Com prejuízos líquidos de 1,3 mil milhões de euros no final de 2024, a Azul — em reestruturação financeira desde maio — tentou, em julho, obter o reembolso antecipado dos títulos da tranche de capital, no valor de 90 milhões de euros. Solicitou ainda o reconhecimento das garantias associadas, perante o esvaziamento acelerado da holding TAP SGPS.

A resposta foi negativa em ambas as frentes: por um lado, a contraproposta de 50 milhões de euros representava um corte de 44% no capital investido; por outro, a TAP alegou que as garantias associadas à emissão de obrigações seriam nulas.

Ao invocar que o financiamento obrigacionista configurava, na realidade, um contrato de suprimento realizado, à época, pelo acionista David Neeleman — ainda que através da Azul —, destinado a reforçar a liquidez da empresa, a TAP atribuiu ao empréstimo um carácter subordinado, sendo este tipo de contrato fortemente limitativo da possibilidade de execução das garantias.

Numa sucessão de eventos em catadupa — começando pela mudança de nome da antiga holding da TAP para Siavilo, passando pela renúncia em bloco dos órgãos sociais e de fiscalização, bem como pela execução judicial pendente por parte da Azul — e culminando, já sob a nova identidade de Siavilo, com o pedido de insolvência, o Governo português optou por deixar a decisão nas mãos dos tribunais.

Do ponto de vista económico, o racional subjacente é claramente identificável: além dos cerca de 1 073 milhões de euros que a holding devia à TAP em dezembro de 2024 — dos quais 906 milhões foram canalizados para financiar a operação da TAP Manutenção & Engenharia Brasil — o acionista Estado injetou 3 344 milhões de euros na transportadora nacional desde o início da pandemia.

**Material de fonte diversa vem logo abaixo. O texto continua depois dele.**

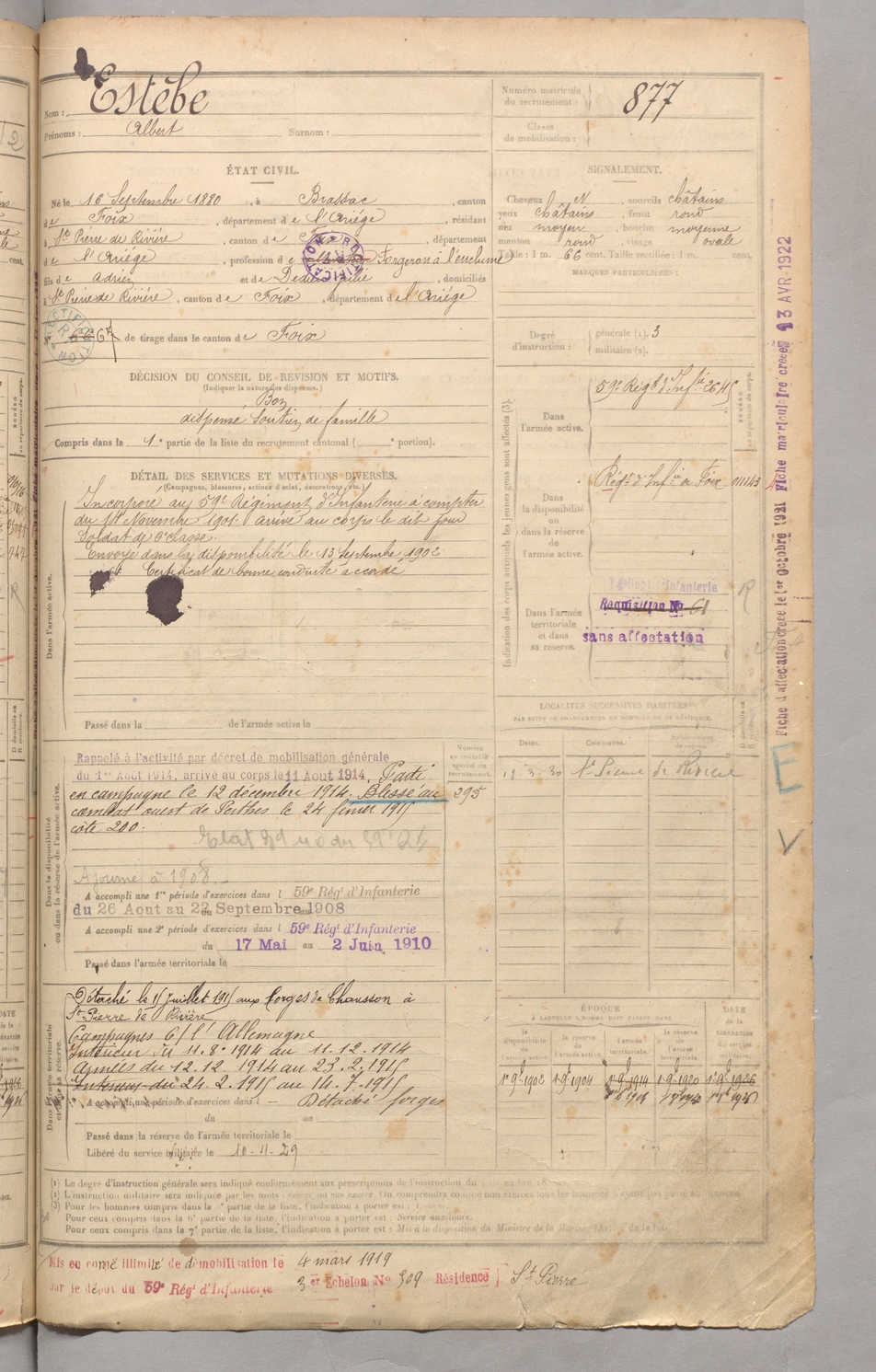 | Estèbe | Albert | FOIX | 129 W 3 | 1900 | Brassac | Saint-Pierre-de-Rivière | 877 |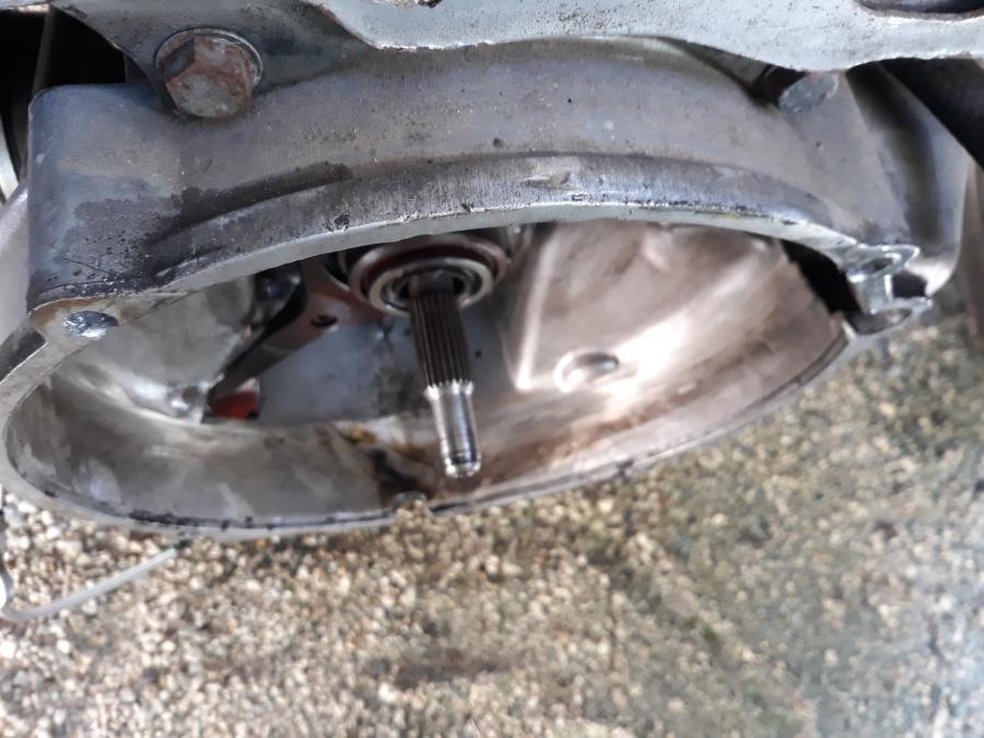 Mais la joie fut de courte durée... ça fuit et l'embrayage patine dans l'huile ! Donc un joint spi de boîte ou de vilo. Fait chier, faut tomber le moteur!

Somando ambos os montantes — 1 073 milhões e 3 344 milhões de euros —, o esforço financeiro foi verdadeiramente ciclópico, até ao momento sem qualquer retorno.

Do outro lado, o acionista David Neeleman e a transportadora Azul investiram 303 milhões de euros na aquisição da TAP. Deste montante, 203 milhões de euros (cerca de 67%) foram assegurados por meio de um contrato gerado pela própria TAP — ou seja, sem cash out direto. Receberam, até à data efetiva da sua saída, 56 milhões de euros. No final de todo o processo, pretendem receber mais 178 milhões de euros em obrigações — um retorno acumulado de 98% exclusivamente neste último investimento.

Face à evidente assimetria no esforço financeiro de cada parte, e perspetivando-se a execução judicial iminente — que agravaria o desequilíbrio do Estado —, a insolvência e o recurso aos tribunais foram os caminhos escolhidos.

Ao reclassificar juridicamente esta dívida, o Estado pretende que seja uma entidade externa — neste caso, um tribunal — a decidir a exigibilidade do pagamento das obrigações, libertando-se das condições benévolas e das fragilidades da engenharia financeira estruturada no decurso do anterior processo de privatização.

Ironia do destino — ou apenas o inevitável reencontro com o passado —, o Estado português avança, uma vez mais, para esta nova privatização, admitindo um desconto no preço de venda para acomodar a contingência do eventual pagamento destas obrigações por parte do futuro acionista, desta vez, com todos os sinais a apontar para um comprador europeu.

Tendo, no mercado brasileiro, o seu principal ativo estratégico, a TAP detém 31% da participação no tráfego aéreo entre a Europa e o Brasil e 27% no sentido inverso, ligando Portugal a 13 cidades brasileiras através de 15 rotas diretas. Além disso, conta com 60% dos passageiros em trânsito para outros destinos, reforçando o seu modelo de hub & spoke e destacando-se no papel de porta de entrada para o mercado europeu.

Este posicionamento consolida o valor estratégico da companhia no eixo transatlântico e ajuda a explicar o elevado interesse de potenciais compradores — mesmo num cenário económico desafiador e com passivos contingentes que podem ensombrar o sucesso da operação de privatização.